[Supplied data Boundary: Start]
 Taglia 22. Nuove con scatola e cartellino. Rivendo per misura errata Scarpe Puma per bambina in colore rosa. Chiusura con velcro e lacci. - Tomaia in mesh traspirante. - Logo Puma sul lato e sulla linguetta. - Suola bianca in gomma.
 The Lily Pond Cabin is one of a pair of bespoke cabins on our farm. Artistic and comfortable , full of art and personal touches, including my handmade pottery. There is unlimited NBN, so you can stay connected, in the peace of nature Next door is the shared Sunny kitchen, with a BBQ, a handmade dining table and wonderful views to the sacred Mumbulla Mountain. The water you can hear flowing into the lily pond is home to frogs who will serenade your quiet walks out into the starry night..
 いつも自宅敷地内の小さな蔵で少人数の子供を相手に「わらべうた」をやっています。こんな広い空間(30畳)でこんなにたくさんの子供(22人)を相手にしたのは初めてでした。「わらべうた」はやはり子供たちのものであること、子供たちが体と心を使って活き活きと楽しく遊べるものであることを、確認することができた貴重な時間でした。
[Supplied data Boundary: End]
[Supplied data Boundary: Start]
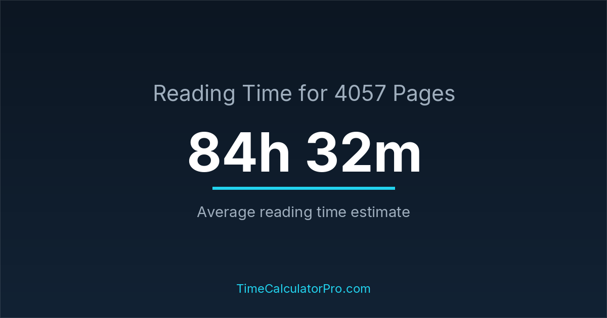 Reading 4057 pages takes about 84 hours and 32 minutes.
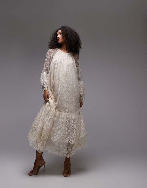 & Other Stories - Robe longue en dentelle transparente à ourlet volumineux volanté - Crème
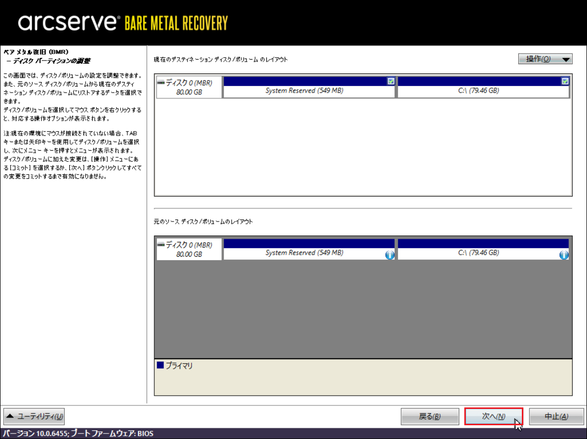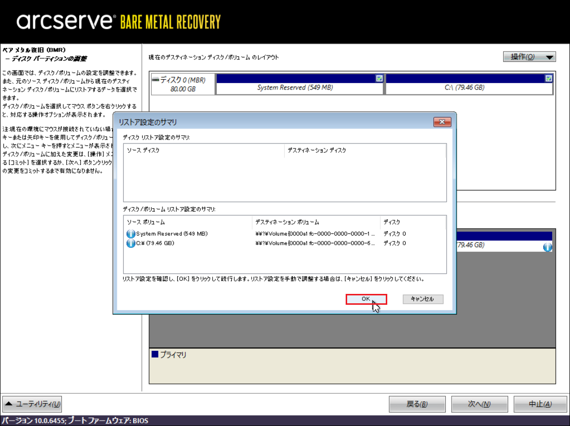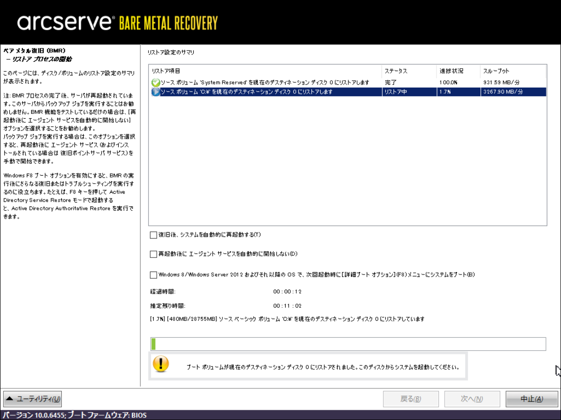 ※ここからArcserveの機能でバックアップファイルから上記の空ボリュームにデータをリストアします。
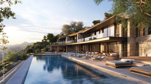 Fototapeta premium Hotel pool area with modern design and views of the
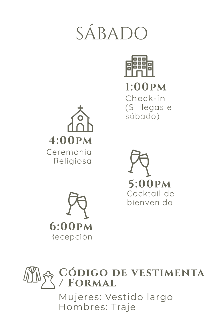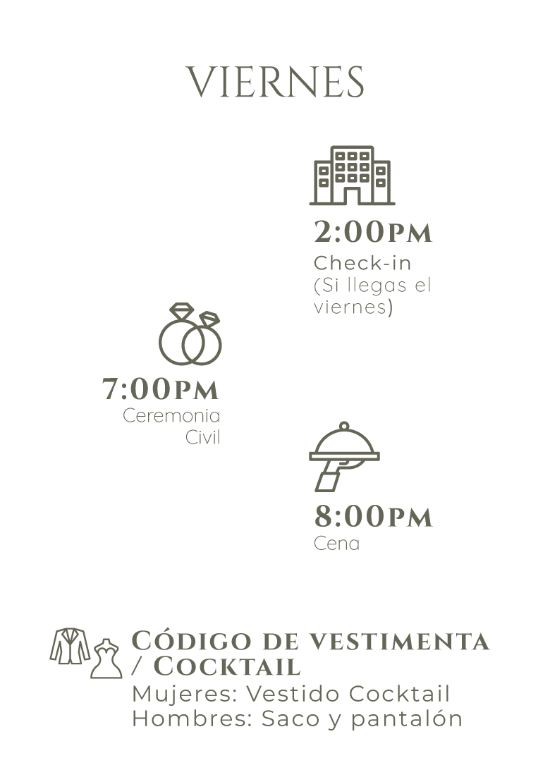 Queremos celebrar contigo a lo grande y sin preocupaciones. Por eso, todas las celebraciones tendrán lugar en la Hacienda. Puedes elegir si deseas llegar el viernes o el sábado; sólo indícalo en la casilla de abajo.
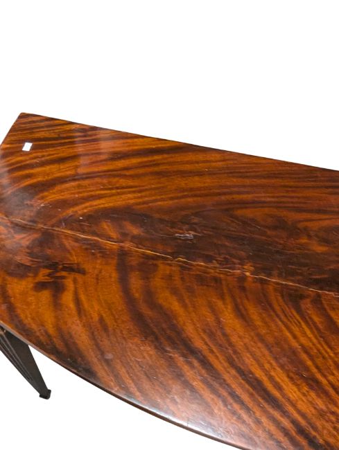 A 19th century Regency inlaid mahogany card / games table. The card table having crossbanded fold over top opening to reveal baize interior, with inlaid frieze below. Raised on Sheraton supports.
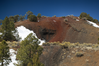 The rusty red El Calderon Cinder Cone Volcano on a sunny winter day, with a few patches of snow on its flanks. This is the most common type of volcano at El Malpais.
[Supplied data Boundary: End]
■ What to produce
Among the entries above, copy exactly only the lines starting with the one containing "Taglia 22. Nuove" and going through the one containing "いつも自宅敷地内の小さな蔵で", both ends included.

■ Answer section
 Taglia 22. Nuove con scatola e cartellino. Rivendo per misura errata Scarpe Puma per bambina in colore rosa. Chiusura con velcro e lacci. - Tomaia in mesh traspirante. - Logo Puma sul lato e sulla linguetta. - Suola bianca in gomma.
 The Lily Pond Cabin is one of a pair of bespoke cabins on our farm. Artistic and comfortable , full of art and personal touches, including my handmade pottery. There is unlimited NBN, so you can stay connected, in the peace of nature Next door is the shared Sunny kitchen, with a BBQ, a handmade dining table and wonderful views to the sacred Mumbulla Mountain. The water you can hear flowing into the lily pond is home to frogs who will serenade your quiet walks out into the starry night..
 いつも自宅敷地内の小さな蔵で少人数の子供を相手に「わらべうた」をやっています。こんな広い空間(30畳)でこんなにたくさんの子供(22人)を相手にしたのは初めてでした。「わらべうた」はやはり子供たちのものであること、子供たちが体と心を使って活き活きと楽しく遊べるものであることを、確認することができた貴重な時間でした。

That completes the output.